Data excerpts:
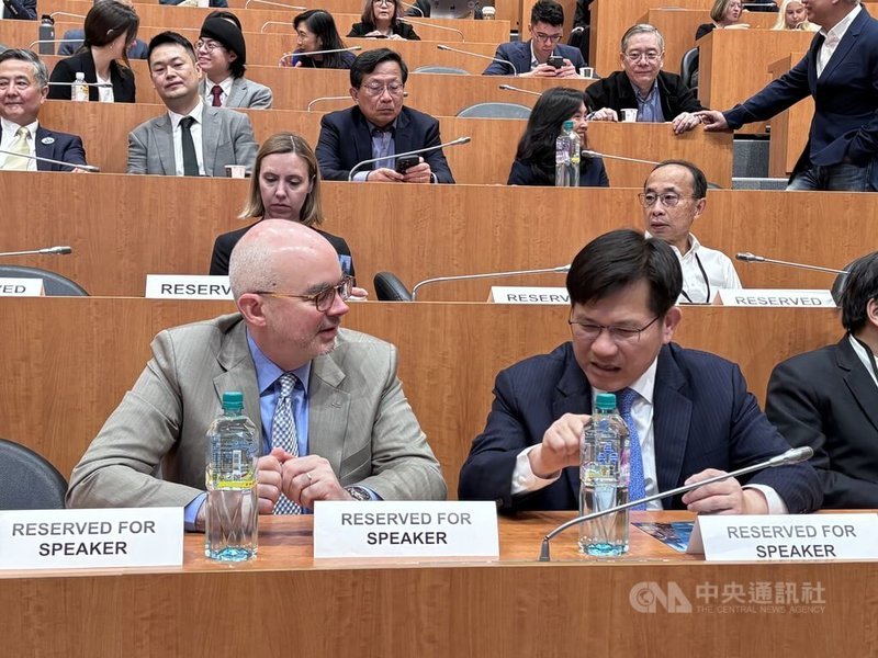 23日與美國在台協會處長谷立言(Raymond-Greene)(前左)共同出席美國史丹佛大學舒思深亞太研究中心在台北舉辦的論壇。中央社.jpg)
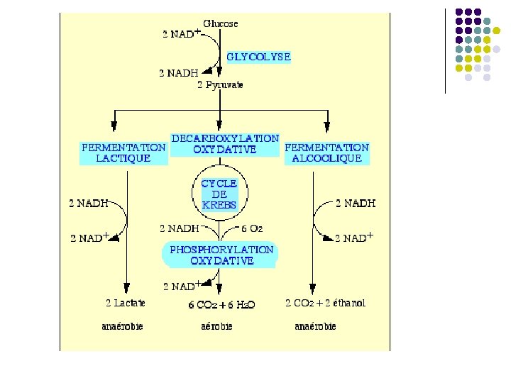 4° étape : Le métabolisme cellulaire Voie aérobie Glc + O 2 ≥ 2 ATP Voie anaérobie, en cas de déficit on O 2 Glc 2 ATP + lactates
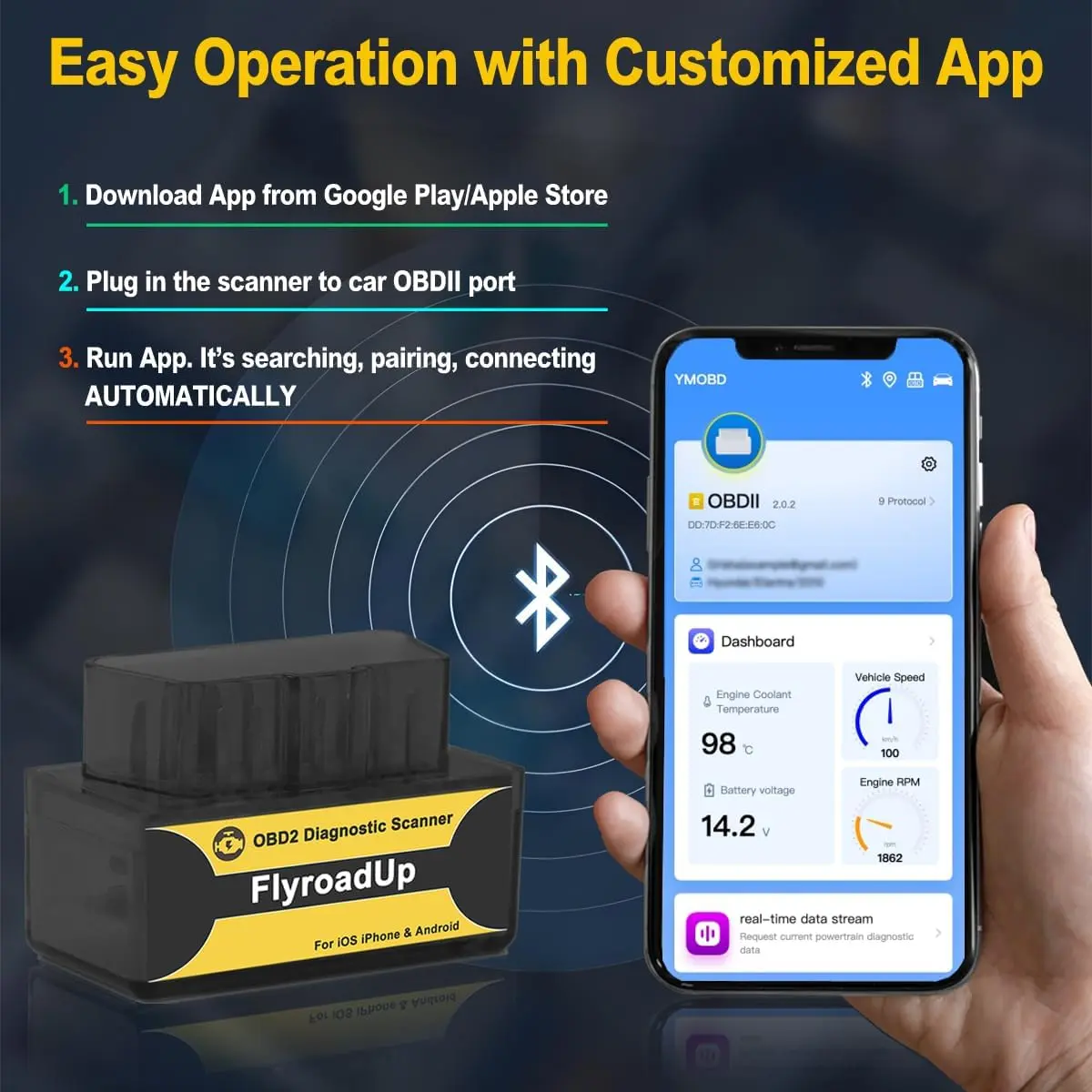 ·Fast & Easy Operation: Comes with the free YMOBD app for one-click automatic connection. Plug in, open the app, and start scanning within seconds—no manual pairing required.
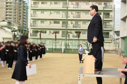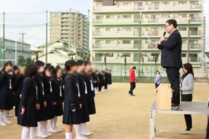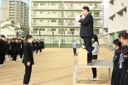 本日は3学期初めてのグラウンドでの全校集会でした。
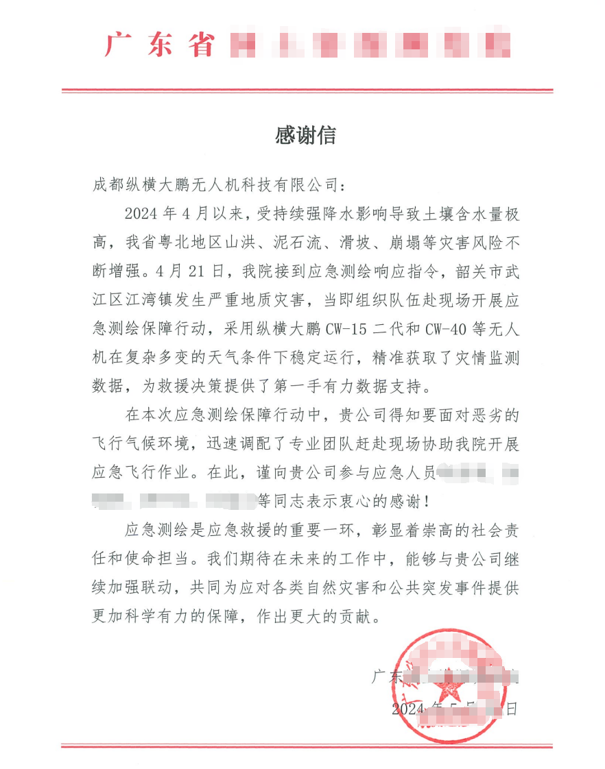 在此次应对韶关地区突发的洪水灾害过程中,纵横大鹏CW-15、CW-40无人机发挥了至关重要的作用,为应急工作提供了极大的支持和帮助,得到了相关单位的认可和赞扬。
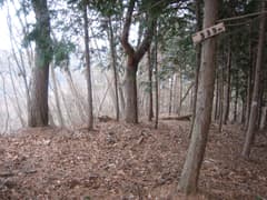 「こんぴらの道」を左から合わせた先に、少し荒れ気味の金比羅宮の小さな社殿があり、傍らに金比羅の妙泉という泉がある(ただし水たまりで、飲めるものではない)。さらにひと登りで、城砦の遺構らしい段差を越えて要谷山の頂上に着いた。樹林に囲まれて展望は多高山が望める程度だが、ベンチが設置されていて休憩には良い所だ。
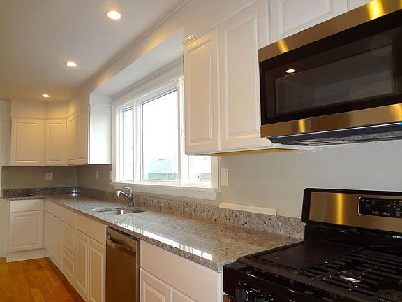 New! New! New! Stunning top to bottom renovation on this huge single family home steps from MBTA bus line to everywhere! Flexible floor plan includes 5 bedrooms! First level offers new hardwood floors thru-out with a spacious, open floor plan; large kitchen & dining area includes new granite counters, cabinets, recessed lighting and stainless steel appliances; ceramic tile full bath with soaker tub; a large formal dining room or living area, first floor bedroom and a beautiful sun room with jalousie windows. Second level offers a 2nd ceramic tile full bath with washer/dryer hook-up, 3 generous bedrooms with new hardwood floors, plus a master bedroom with ceramic tile shower & pebble floor en suite. Gorgeous, freshly painted neutral color pallet thru-out. New Roof & New Windows (most)! New PVC fencing! Central A/C! Off-street parking! Walking trails & community garden! Don't miss out on this truly amazing home!
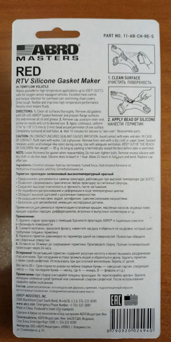 Герметик ABRO 85г. красный, формирователь прокладок
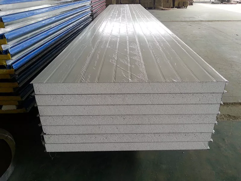 EPS sandwich vaj huam sib luag yog tsim los ntawm ob txheej txheej, feem ntau yog ua los ntawm cov hlau lossis txhuas, uas yog cov txheej txheem EPS. Cov txheej hlau muab lub zog thiab ruaj khov, tiv thaiv EPS core los ntawm kev puas tsuaj thiab ua kom lub vaj huam sib luag muaj kev ruaj ntseg. Kev sib xyaw ua ke ntawm EPS core thiab hlau txheej ua rau muaj zog, lub teeb yuag, thiab lub zog txuag hluav taws xob uas yooj yim rau nruab thiab tswj.
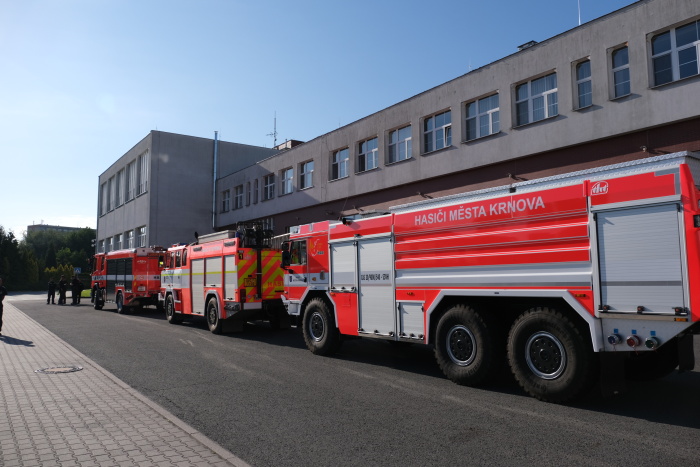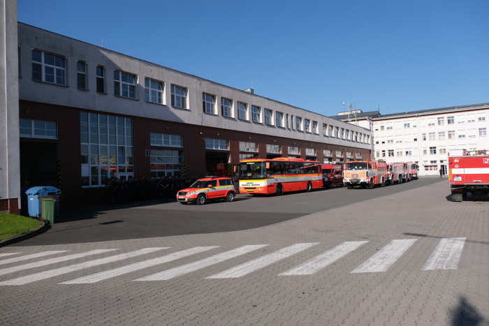 Dobrovolní hasiči jedou i s jejich cisternami, profesionální hasiči z HZS MSK služebním autobusem Karosa – cisterny převezmou od střídaných kolegů až na místě zásahu.
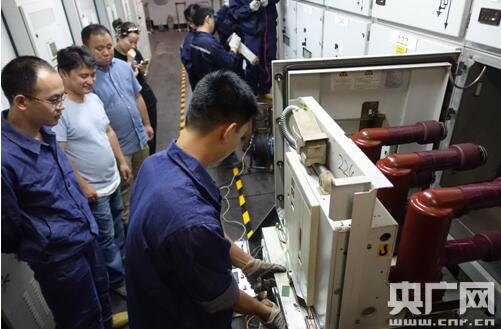 十一點半,工作人員開始核對工作票、許可票,凌晨,接電調(diào)下令并填寫倒閘操作票。為了確保工作萬無一失,在正式停電前,工作人員會在模擬圖版上模擬具體操作。
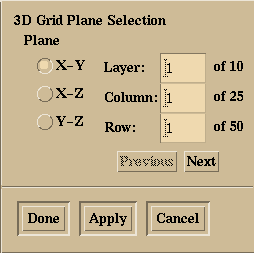 Figure 11.6: 3D Grid Plane Selection pop-up dialog. With three-dimensional data sets this dialog allows the user to determine what plane (X-Y, X-Z, or Y-Z ) of the grid will be plotted and contoured.
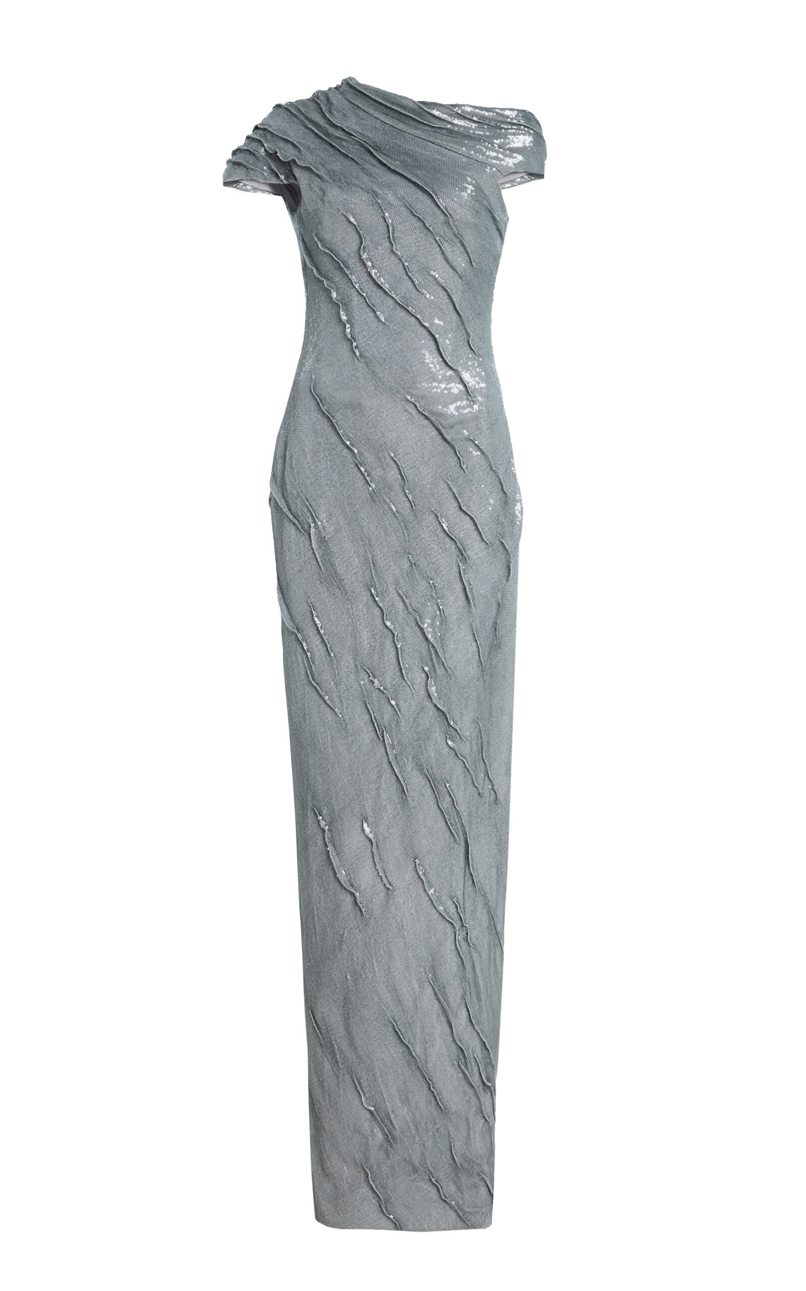 Off-The-Shoulder Sequined Gown blue
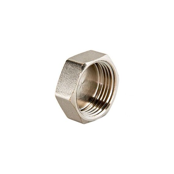 Латунная никелированная заглушка с внутренней резьбой Ду 25 для надежного герметичного перекрытия труб в системах воды и отопления.
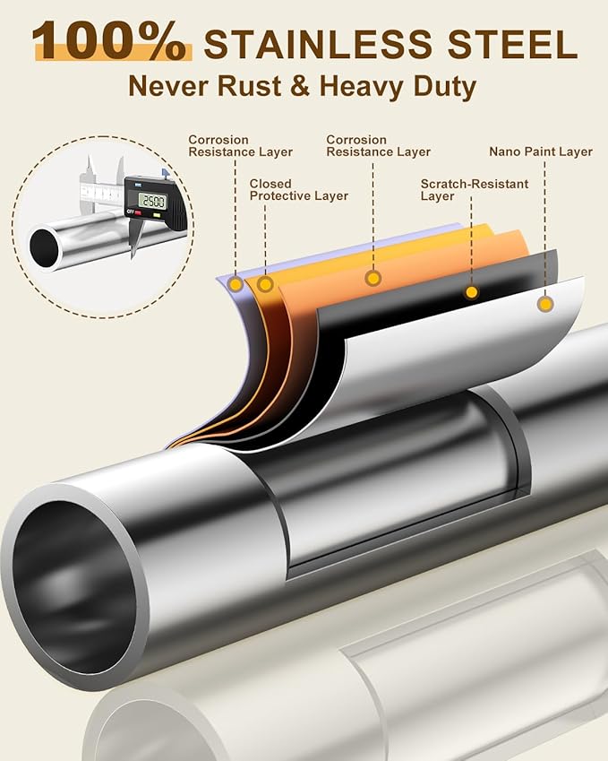 - 100% STAINLESS STEEL STRENGTH - ENJOY 760 LBS & RUST-DEFYING! Boasting an industry-leading 760 lbs weight capacity, 50% stronger than competitors, our NEWEST clothes rack confidently handles your heaviest garments. It features 100% stainless steel design, with even the smallest screws made of the same high-quality material. We've implemented a cutting-edge five-layer coating process, including an extra protective sealant layer, ensuring your rack remains rust-free and resistant to wear and tear.
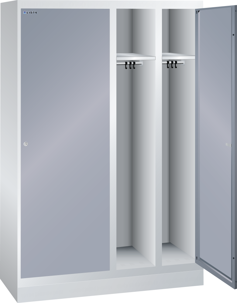Garderobenschränke: Die Garderobenschränke sind je Abteil und je nach Modell ausgestattet mit: 1-flügeliger Vollblech-Tür einschlagend, Oberfläche glatt oder mit Lochfeld zur zusätzlichen Belüftung (2 Abteile verschliessend / 1 Schloss für 2 Abteile), 1 Hutboden, 1 Kleiderstange mit je 3 verschiebbaren Kleiderhaken, 1 Handtuchhalter
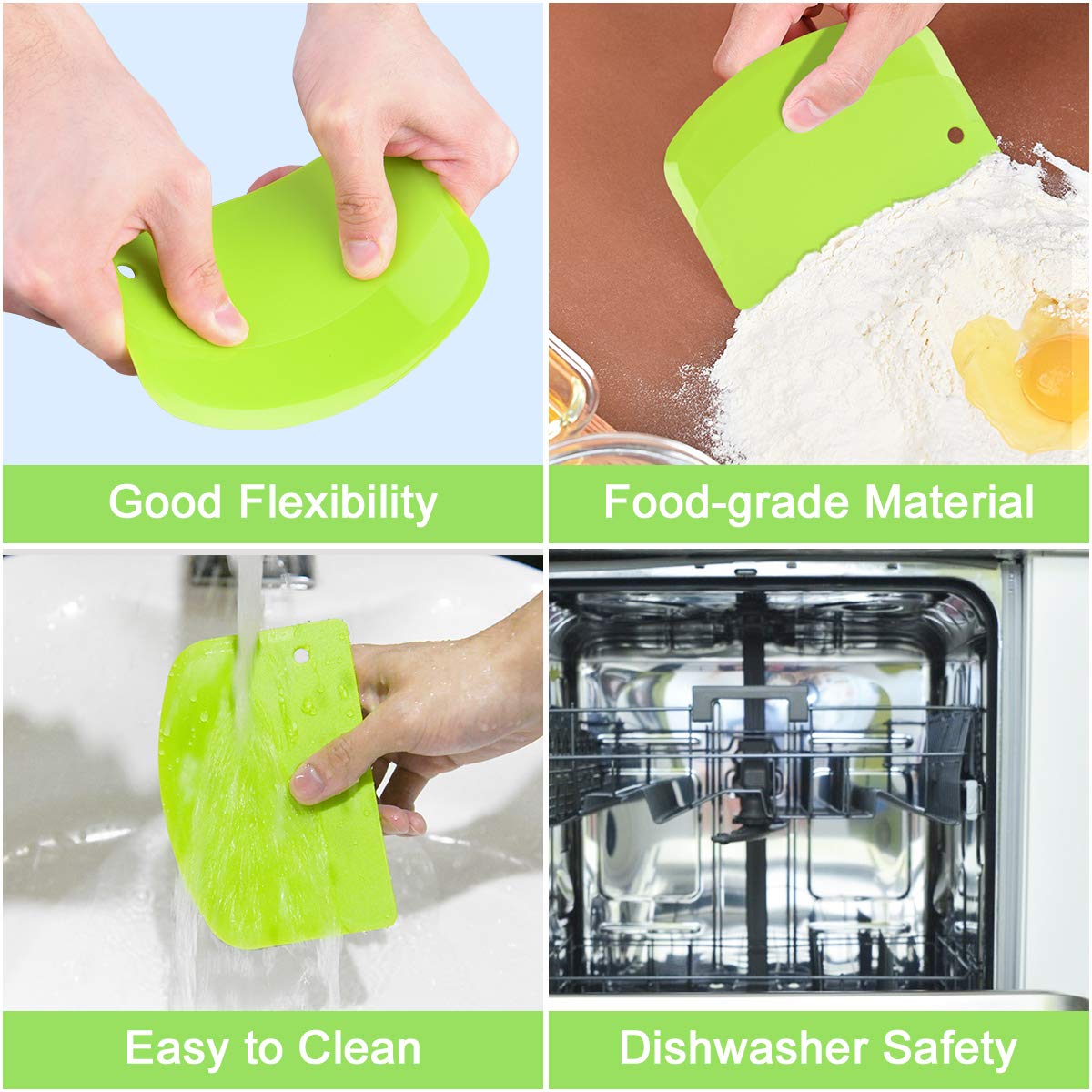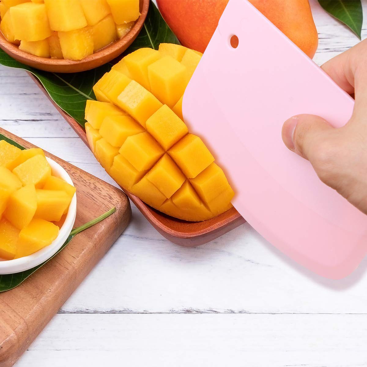 Vicloon Teigschaberkarte Kunststoff, 3 Stück Schüsselschaber, Dough Scraper Plastic, Teigschneider für Teigkuchen, Pizza, Backwerkzeug (Grün/Weiss/Rosa)

**What needs to be done**: Copy exactly the lines of the entries above from the one containing "本日は3学期初めてのグラウンドでの全校集会でした。" through the one containing "在此次应对韶关地区突发的洪水". Both end lines count; pictures do not.

**Answer area**:
 本日は3学期初めてのグラウンドでの全校集会でした。
 在此次应对韶关地区突发的洪水灾害过程中,纵横大鹏CW-15、CW-40无人机发挥了至关重要的作用,为应急工作提供了极大的支持和帮助,得到了相关单位的认可和赞扬。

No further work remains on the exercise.